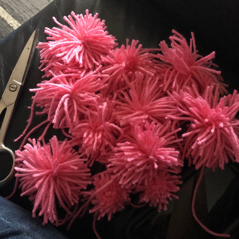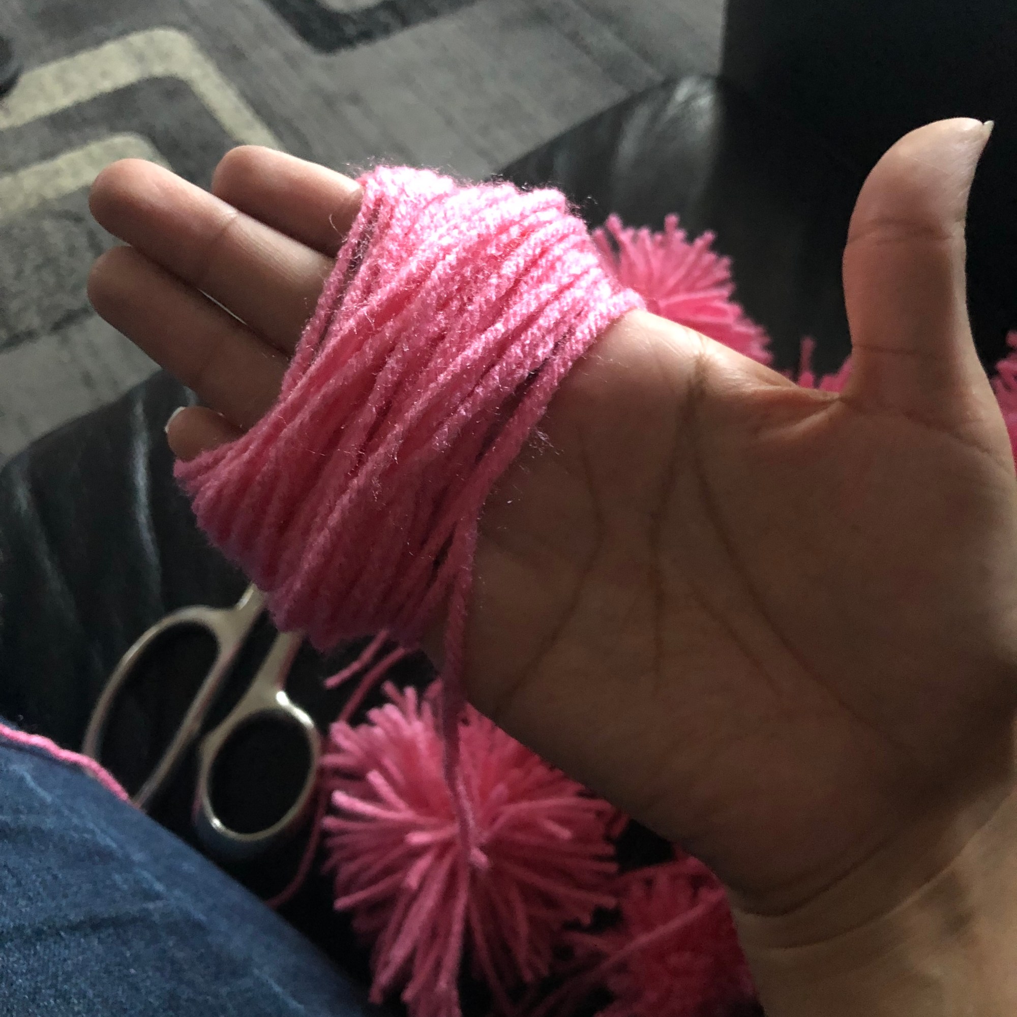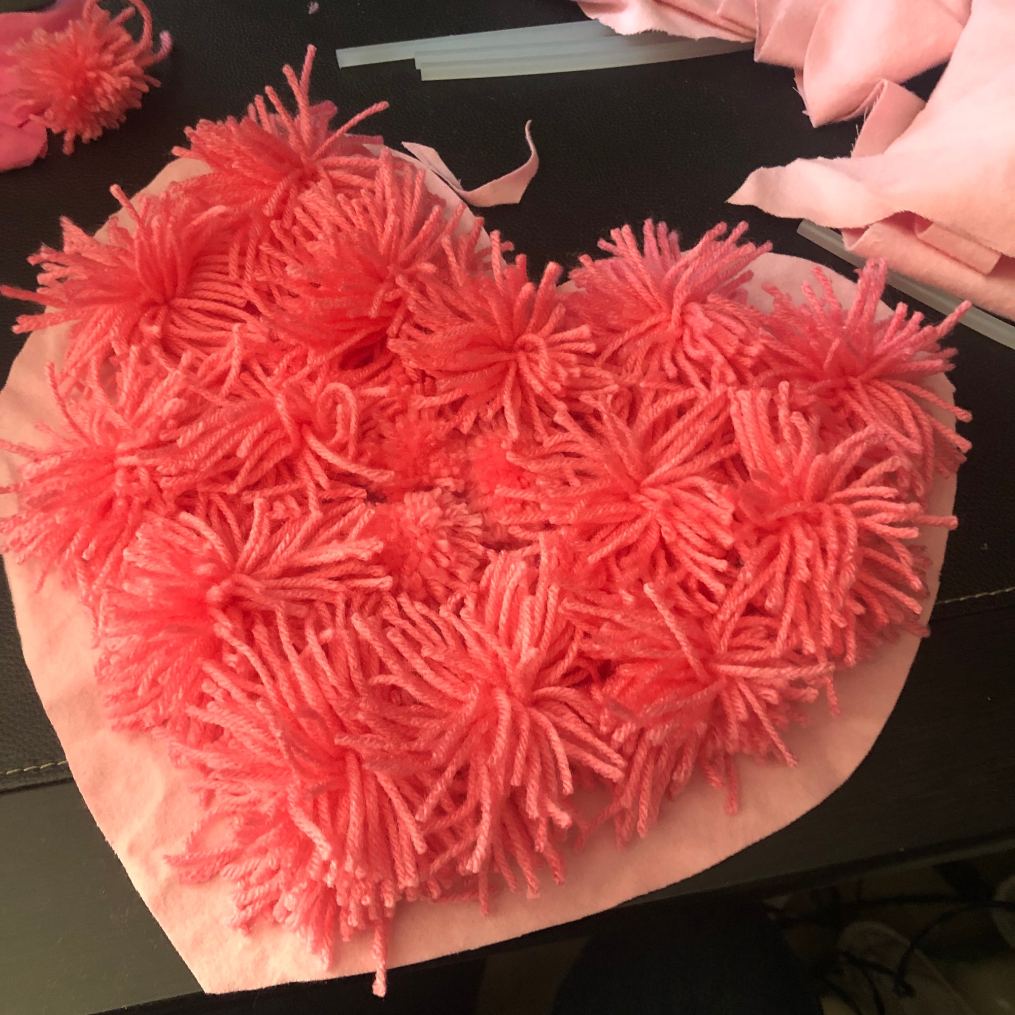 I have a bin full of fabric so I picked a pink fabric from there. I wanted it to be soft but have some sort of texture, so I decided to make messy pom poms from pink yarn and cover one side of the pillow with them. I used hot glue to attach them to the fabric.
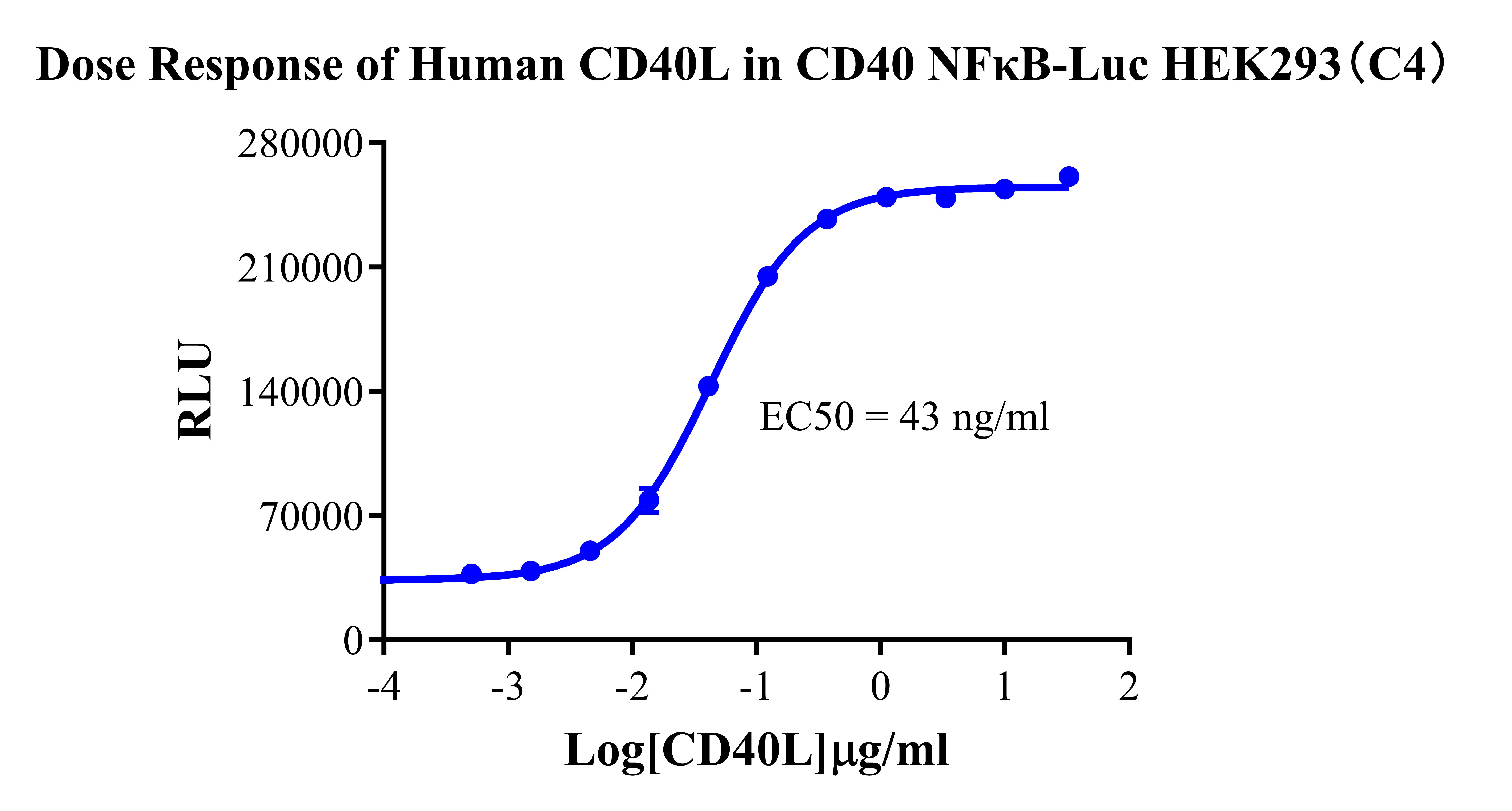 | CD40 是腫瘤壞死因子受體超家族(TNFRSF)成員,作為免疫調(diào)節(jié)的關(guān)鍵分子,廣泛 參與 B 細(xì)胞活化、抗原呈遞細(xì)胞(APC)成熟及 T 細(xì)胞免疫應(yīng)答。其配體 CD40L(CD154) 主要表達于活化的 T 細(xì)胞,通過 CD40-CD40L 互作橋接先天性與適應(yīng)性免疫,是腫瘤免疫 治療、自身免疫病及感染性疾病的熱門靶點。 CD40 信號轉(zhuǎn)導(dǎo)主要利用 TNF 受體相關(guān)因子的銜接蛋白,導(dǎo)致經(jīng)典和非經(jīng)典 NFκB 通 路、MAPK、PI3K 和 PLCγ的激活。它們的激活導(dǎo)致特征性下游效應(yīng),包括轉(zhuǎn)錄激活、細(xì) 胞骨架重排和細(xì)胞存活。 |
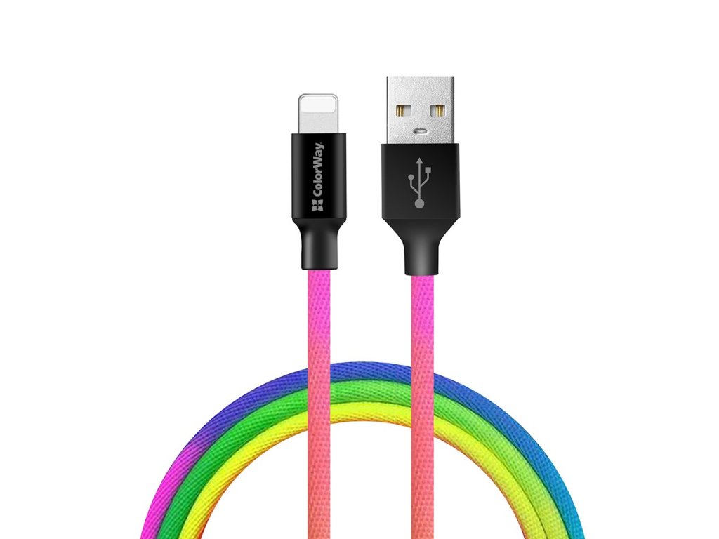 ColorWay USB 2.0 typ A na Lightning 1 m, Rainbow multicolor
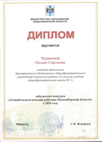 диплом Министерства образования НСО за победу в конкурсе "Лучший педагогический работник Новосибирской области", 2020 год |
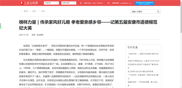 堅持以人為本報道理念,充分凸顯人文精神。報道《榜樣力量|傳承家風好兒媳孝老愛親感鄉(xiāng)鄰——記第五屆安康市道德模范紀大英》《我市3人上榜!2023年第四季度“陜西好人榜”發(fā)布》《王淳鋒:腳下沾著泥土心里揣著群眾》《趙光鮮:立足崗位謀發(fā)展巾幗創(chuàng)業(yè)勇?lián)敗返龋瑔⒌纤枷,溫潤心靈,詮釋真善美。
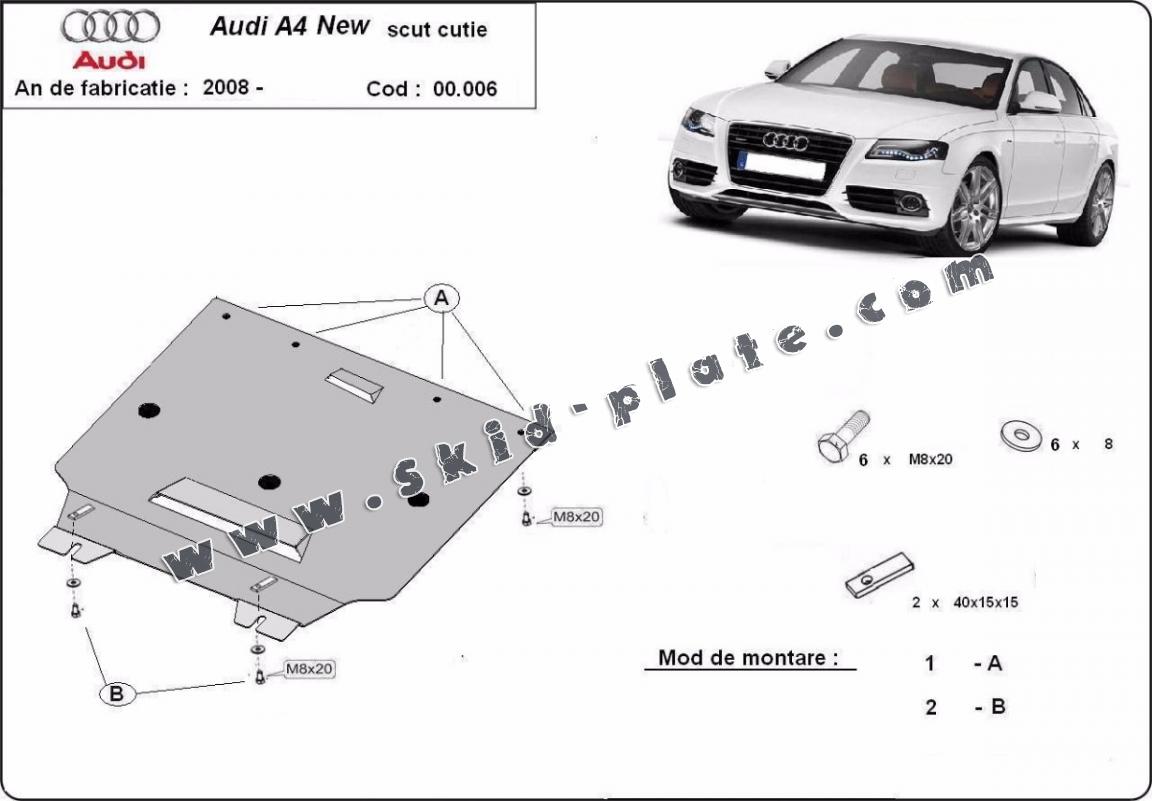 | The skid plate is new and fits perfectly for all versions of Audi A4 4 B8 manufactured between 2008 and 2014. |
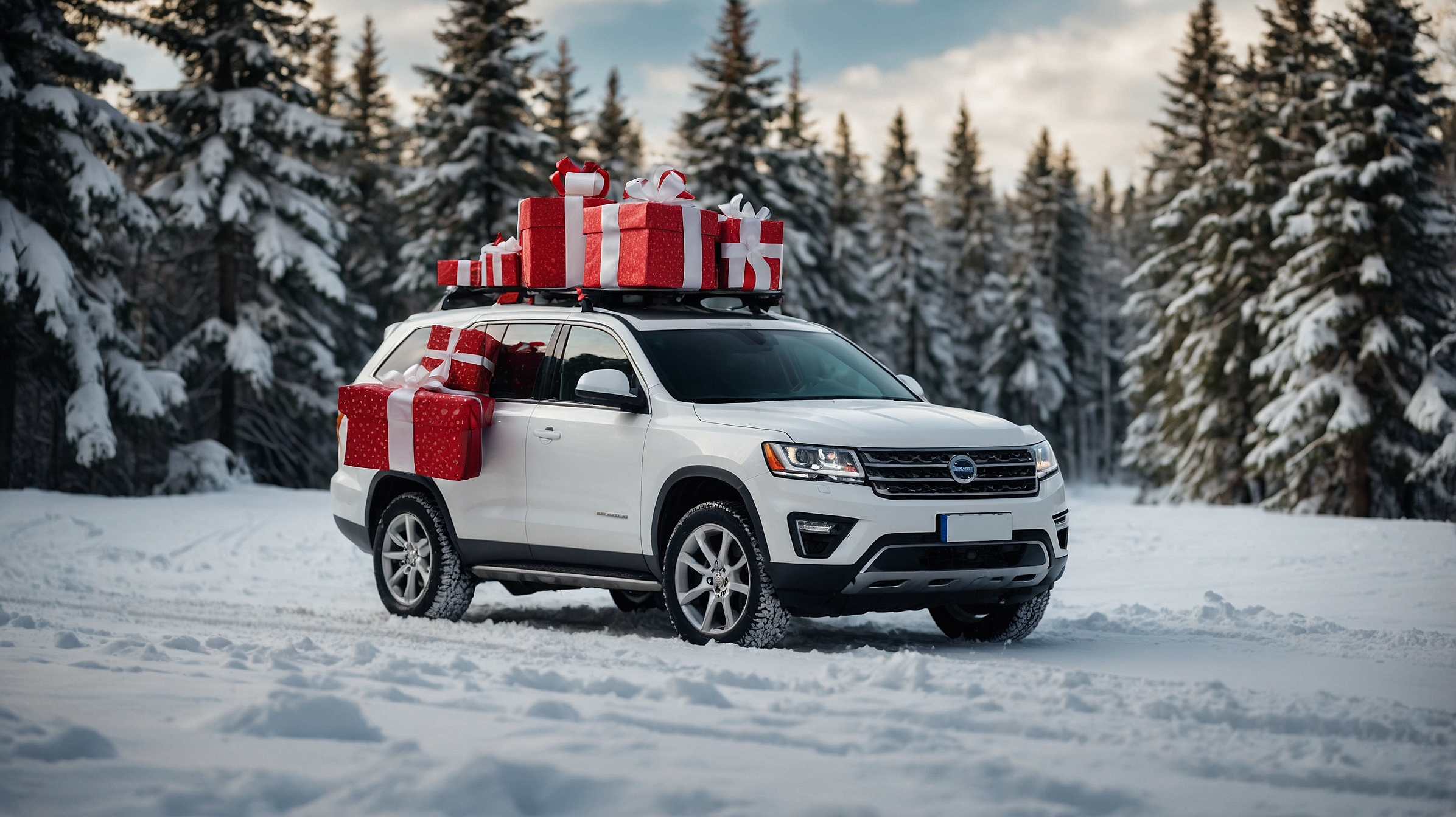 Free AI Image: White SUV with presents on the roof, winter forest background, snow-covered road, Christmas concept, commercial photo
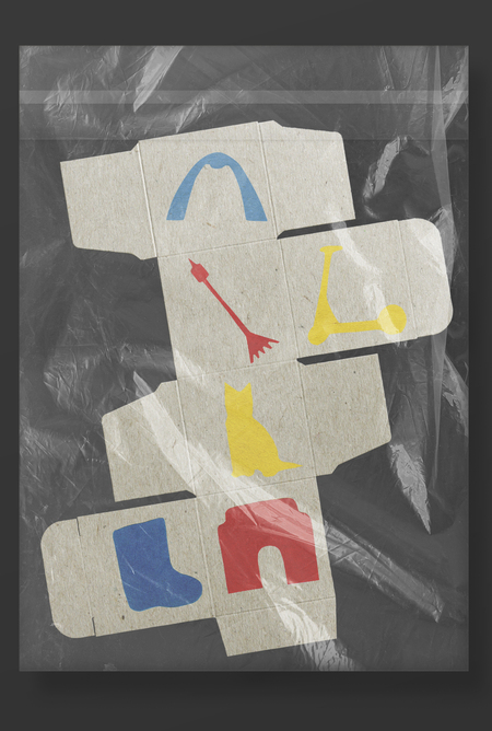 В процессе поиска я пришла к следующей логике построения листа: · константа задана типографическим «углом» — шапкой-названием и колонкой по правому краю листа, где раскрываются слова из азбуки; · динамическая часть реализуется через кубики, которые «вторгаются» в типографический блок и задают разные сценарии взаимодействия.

● **What this task involves**
The response must repeat exactly the lines above from the one with "堅持以人為本報道理念,充分凸" through the one with "Free AI Image: White", including both, and must contain no pictures and no other text.

● **Answer section**
 堅持以人為本報道理念,充分凸顯人文精神。報道《榜樣力量|傳承家風好兒媳孝老愛親感鄉(xiāng)鄰——記第五屆安康市道德模范紀大英》《我市3人上榜!2023年第四季度“陜西好人榜”發(fā)布》《王淳鋒:腳下沾著泥土心里揣著群眾》《趙光鮮:立足崗位謀發(fā)展巾幗創(chuàng)業(yè)勇?lián)敗返龋瑔⒌纤枷,溫潤心靈,詮釋真善美。
 | The skid plate is new and fits perfectly for all versions of Audi A4 4 B8 manufactured between 2008 and 2014. |
 Free AI Image: White SUV with presents on the roof, winter forest background, snow-covered road, Christmas concept, commercial photo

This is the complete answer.